Pasaron unos pocos años y la casualidad quiso que una tarde que estaba en casa escribiendo, ya descubierta mi pasión por la literatura y el oficio de escritor, pusiera el televisor para darme un pequeño descanso. Paseando por los canales fui a parar a la retransmisión del Giro de Italia. Y me enganché de nuevo, como esa adicción de la que se debe estar lo más alejado posible pero en la que es tan fácil recaer. Nunca había visto el Giro, pues sólo me consideraba seguidor del Tour por varios factores (era el único que echaban cada año en televisión, tenía más horas disponibles por ser verano, más predisposición, en definitiva) y me sorprendió muy gratamente. Después de que terminara la competición (no recuerdo quién ganó) estuve investigando un poco a través de la prensa por pura curiosidad. Vi que se habían hecho grandes purgas y que los mecanismos de detección del dopaje parecían ser más estrictas. Decidí darle una segunda oportunidad. Creo que no me he equivocado.
Ahora sigo las tres grandes vueltas: Giro, Tour y Vuelta. Si consigo enganchar alguna clásica también la veo, aunque admito que soy algo sibarita y sólo me concentro en las rondas de tres semanas. No veo todas las etapas al completo, pero disfruto viendo cómo terminan después de comer y hacer algo de deporte. Si uno lo piensa de una manera fría, tal vez ver ciclismo por televisión sea de las cosas más estúpidas que se puede hacer si uno se considera amante del deporte: ver a unos tíos ir en bicicleta de un lado a otro, sin que durante horas pasen muchas cosas, y que hasta las rectas finales, no haya algo de emoción… No parece, a priori, una afición apasionante. Pero lo cierto es que a medida que uno se mete en el mundo empieza a comprender ciertos aspectos que pueden pasar desapercibidos para un espectador novato u ocasional. Y cuando algunas piezas se muestran ante ti todo lo que ves en conjunto toma otro cariz y se vuelve muy entretenido y más estratégico de lo que parece.

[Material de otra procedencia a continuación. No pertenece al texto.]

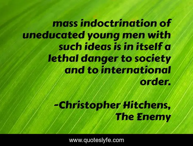 This page presents the quote "mass indoctrination of uneducated young men with such ideas is in itself a lethal danger to society and to international order.". Author of this quote is Christopher Hitchens, The Enemy. .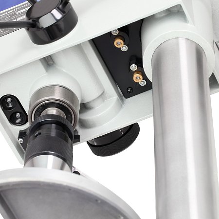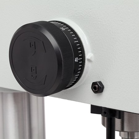 Быстрозажимной патрон с посадкой В16 упрощает смену инструмента диаметром хвостовика 1-16 мм. Ход пиноли 50 мм расширяет возможности обработки.

Mención aparte son los comentaristas. Sin ser un gran fan de alguno de ellos he de admitir que retransmitir durante cuatro horas de manera diaria a lo largo de tres semanas es toda una proeza, porque yo no sería capaz. Si fuera comentarista de las vueltas ciclistas mis silencios serían tan largos que algunos espectadores creerían que he muerto en directo.
En definitiva, me he convertido en mi abuelo. Las ruedas, los esprints en meta, las titánicas escaladas por empinadas carreteras… Todo ese mundo ya forma parte indivisible de mis veranos.
¿Sabéis lo más irónico de todo? Apenas sé ir en bicicleta.